Treatment. Salicylate of soda and antipyrin still form the two most efficacious drugs, particularly the first, which may almost be regarded as a veritable specific in rheumatism. The doses vary with the size of the patients, from 2½ to 7 drams per day. These doses are continued for six to eight days consecutively. Some authors prefer salicylic acid, which, however, is more irritant, in doses of 15 to 75 grains. Tartar emetic, in doses of 2½ to 4 drams per day until purgation is established, is also said to have proved of great value in the hands of the older practitioners. Local treatment comprises stimulating frictions with camphorated alcohol, ammonia, and oil of turpentine. Such applications are usually of great service, particularly when associated with methodical massage of the affected parts. These modes of treatment should be supplemented with a proper dietary and the administration of tepid, diuretic fluids as required.

INFECTIOUS FORMS OF RHEUMATISM OR PSEUDO-RHEUMATISM.

Under the head of infectious rheumatism or pseudo-rheumatism may be grouped joint diseases of a rheumatic type accompanying various general or local diseases in young animals and adults: diseases of the umbilicus, rachitis, peripneumonia, retention of the fœtus, dysentery, etc. These diseases are characterised by articular symptoms, which sometimes appear early, sometimes only when the disease itself is declining, and develop suddenly or gradually, the joint cavities themselves either being directly invaded by the agents of the primary disease or remaining exempt. These pseudo-rheumatic attacks are due to the localised action of microbic toxins on the articular synovial membranes. Sometimes the serous membranes of the large body cavities are also implicated.

This theory explains the development of acute arthritis without the presence of gonococci during the course of an attack of blenorrhagia in man, and may be applied in respect of certain forms of arthritis or synovitis without the presence of microbes in domestic animals.

INFECTIOUS RHEUMATISM IN YOUNG ANIMALS.

Causation. To explain the occurrence of infectious rheumatism in young animals a variety of causes has been invoked, such as bad feeding, the absence of that purgation which usually follows the action of the mother’s first milk (i.e., colostrum), and clears the bowel of meconium, the effect of heredity, of chills, of insufficient food, and of unduly abundant or very rich food, which has been said to produce indigestion and its various complications.

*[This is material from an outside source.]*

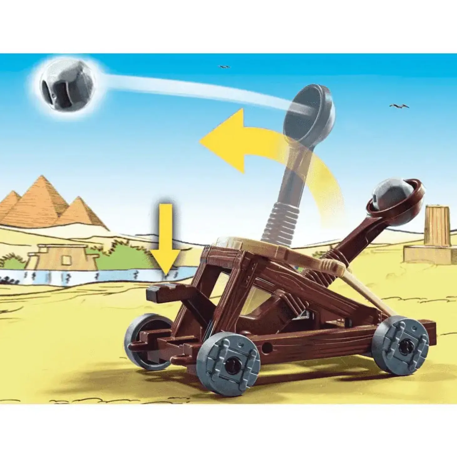 ¿Qué incluye? En su famosa aventura ‘Astérix y Cleopatra’ del año 1965, Astérix, Obélix y Panorámix viajan al lejano Egipto. Allí quieren ayudar a Numerobis el mejor arquitecto de Alejandría a construir un nuevo palacio para César en sólo tres meses. Gracias a la ayuda de los irreductibles galos y a una pequeña poción mágica, la empresa casi desesperada tiene éxito, el palacio se termina a tiempo y Cleopatra gana su apuesta contra César. Con el flamante Astérix: Numerobis y la Batalla del Palacio, los fans podrán acompañar a Astérix y Obélix en su viaje para visitar a Cleopatra en Egipto. El juguete de 56 piezas de Astérix incluye 5 figuras PLAYMOBIL, Obélix, Numerobis, Ideafix y 3 romanos, una catapulta, columnas, piedras y otros extras para reproducir la Batalla por el Palacio.

All these causes may play a certain part in favouring the development of infectious rheumatism, but none constitutes the direct cause.

Lecoq and Loiset in their investigations regarding this disease in colts mentioned the almost invariable existence of lesions in the umbilical region. Bollinger in 1869 recognised the possibility of infection by way of the umbilical vein. Röll and Guillebeau are of the same opinion, and Morot’s excellent study shows that here must be sought the most frequent point of origin of the articular symptoms. In animals born in dirty stables the umbilical cord becomes infected at the time of birth, or its cicatrix a few days later. The result is the development of rapidly fatal septicæmia, suppuration in the wound, omphalitis, omphalo-phlebitis, or umbilical arteritis; and to this infection are due the various complications, which may appear almost immediately, as in the case of septicæmia of calves, or may be deferred for a shorter or longer interval, for so long indeed that the umbilicus may appear to have healed externally (infectious pneumonia and endocarditis, infectious arthritis, etc.). The umbilical cord and the tissues surrounding the cicatrix form excellent culture grounds for those microorganisms which always exist in such abundance in litter and manure; and there is, therefore, no difficulty in understanding why in dirty stables infection so readily occurs. The infective agents may be of very varying kinds, a fact which explains the difference in the symptoms which follow umbilical infection; although ovoid bacteria, streptococcus pyogenes, and the bacilli of necrosis seem most common.

Omphalitis and omphalo-phlebitis are not the only diseases capable of producing infectious rheumatism in young animals. Certain infections resembling dysentery and diarrhœic enteritis are also its frequent forerunners. In young animals even rachitis, which is accompanied by various digestive disorders, may serve as the point of origin for infectious rheumatism and all its complications.

In older animals—i.e., in animals from five to six months, or even twelve to fifteen months—infectious rheumatism may occur without a clearly defined cause. It then develops with the symptoms and lesions of that condition known as “osteomyelitis of adolescence” in human pathology. These forms of osteomyelitis are due to infection with streptococci and staphylococci. In veterinary medicine the pathogeny has not yet been accurately ascertained.